Define the size before use:

#define LINE_LEN 256

This code was tested with MSVC 2019.

void replaceN(char* line,const char* orig,const char* new, int times){
    char* buf;
    if(times==0) return; //sem tempo irmao
    
    if((times==-1||--times>0) && (buf = strstr(line,orig))!=NULL){ //find orig
        for(const char *c=orig;*c;c++) buf++; //advance buf
        replaceN(buf,orig,new,times); //repeat until the last occurrence
    }
    //this will run first for the last match
    if((buf = strstr(line,orig))!=NULL){ 
        char tmp[LINE_LEN];
        int i = buf-line; //pointer difference
        strncpy(tmp,line,i); //copy everything before the match
        for(const char *k=orig;*k;k++) buf++; //buf++; //skip find string
        for(const char *k=new;*k;k++) tmp[i++]=*k; //copy replace chars
        for(;*buf;buf++) tmp[i++]=*buf; //copy the rest of the string

        tmp[i]='\0';
        strcpy(line,tmp);       
    }
}
inline void replace(char* line,const char* orig,const char* new){replaceN(line, orig, new, 1);}
inline void replaceAll(char* line,const char* orig,const char* new){replaceN(line,orig,new,-1);}
bleudoutremer
  • 37
  • 1
  • 6
0

Turns out I had too much self esteem. The code was not tested, and I should not have posted it without proper testing. I add this comment to remind others of not doing the same mistake. If you find any other errors, please let me know.

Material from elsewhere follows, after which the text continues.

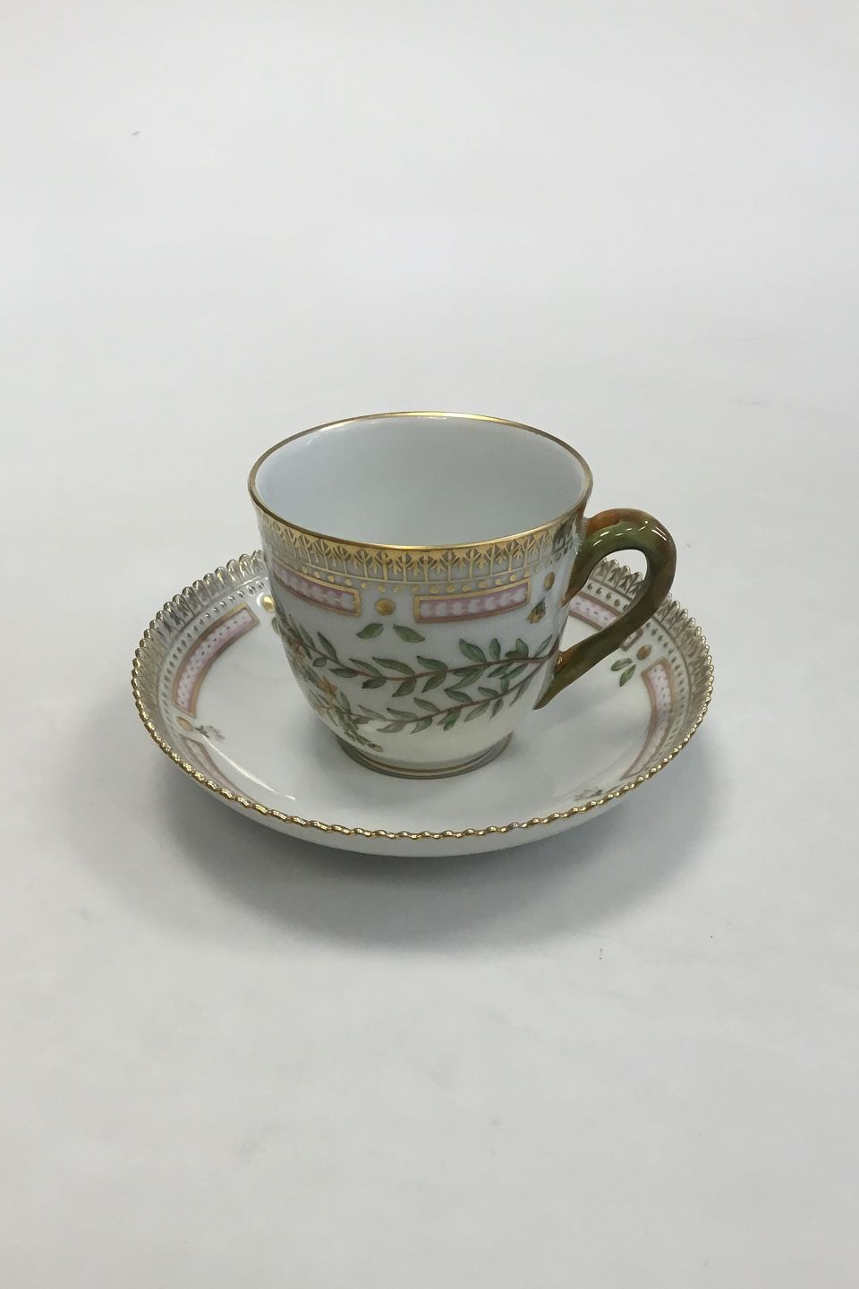 Royal Copenhagen Flora Danica Kaffekop og Underkop No 20/3597. Latinsk Navn: Sedum rupestre Oed. Måler Kop: 7 cm x 7,5 cm dia. Underkop: 13,8 cm

In order to keep it simple, I don't do it in place. Instead it requires a preallocated output buffer. Doing in place is risky if the size of the new string is longer than the original. And there's also an edge case that can be tricky to handle, and that's when the original substring to replace is a substring of the new string.

The headers needed to run allt his:

#include <stdio.h>
#include <string.h>
#include <stdlib.h>
#include <stddef.h>
#include <stdint.h>

The main replace function. It replaces maximum n occurrences and returns number of replacements. dest is a buffer big enough to hold the result. All pointers needs to be non NULL and valid. You may notice that I'm using goto which may be frowned upon, but using it to exit cleanly is very convenient.

size_t replace(char *dest, const char *src, const char *orig, 
                const char *new, size_t n) {
    size_t ret = 0;

    // Maybe an unnecessary optimization to avoid multiple calls in 
    // loop, but it also adds clarity
    const size_t newlen = strlen(new);
    const size_t origlen = strlen(orig);

    if(origlen == 0 || n == 0) goto END; // Edge cases

    do {
        const char *match = strstr(src, orig);

        if(!match) goto END;
        
        // Length of the part of src before first match
        const ptrdiff_t offset = match - src;

        memcpy(dest, src, offset);           // Copy before match
        memcpy(dest + offset, new, newlen);  // Replace
    
        src  += offset + origlen; // Move src past what we have already copied.
        dest += offset + newlen;  // Advance pointer to dest to the end

        ret++;
    } while(n > ret);

END:
    strcpy(dest, src); // Copy whatever is remaining
    
    return ret;
}

It's easy to write a wrapper for the allocation. We borrow and modify some code from find the count of substring in string

size_t countOccurrences(const char *str, const char *substr) {
    
    if(strlen(substr) == 0) return 0;
    
    size_t count = 0;
    const size_t len = strlen(substr);

    while((str = strstr(str, substr))) {
       count++;
       str+=len // We're standing at the match, so we need to advance
    }

    return count;
}

Then some code to calculate buffer size

size_t calculateBufferLength(const char *src, const char *orig, 
                     const char *new, size_t n) {
    const size_t origlen = strlen(orig);
    const size_t newlen  = strlen(new);
    const size_t baselen  = strlen(src) + 1;

    if(origlen > newlen) return srclen;

    n = n < count ? n : count; // Min of n and count
    
    return baselen +
    n * (newlen - origlen);
}

And the final function. It combines allocation and replacement. It returns a pointer to the buffer, and NULL if allocation fails.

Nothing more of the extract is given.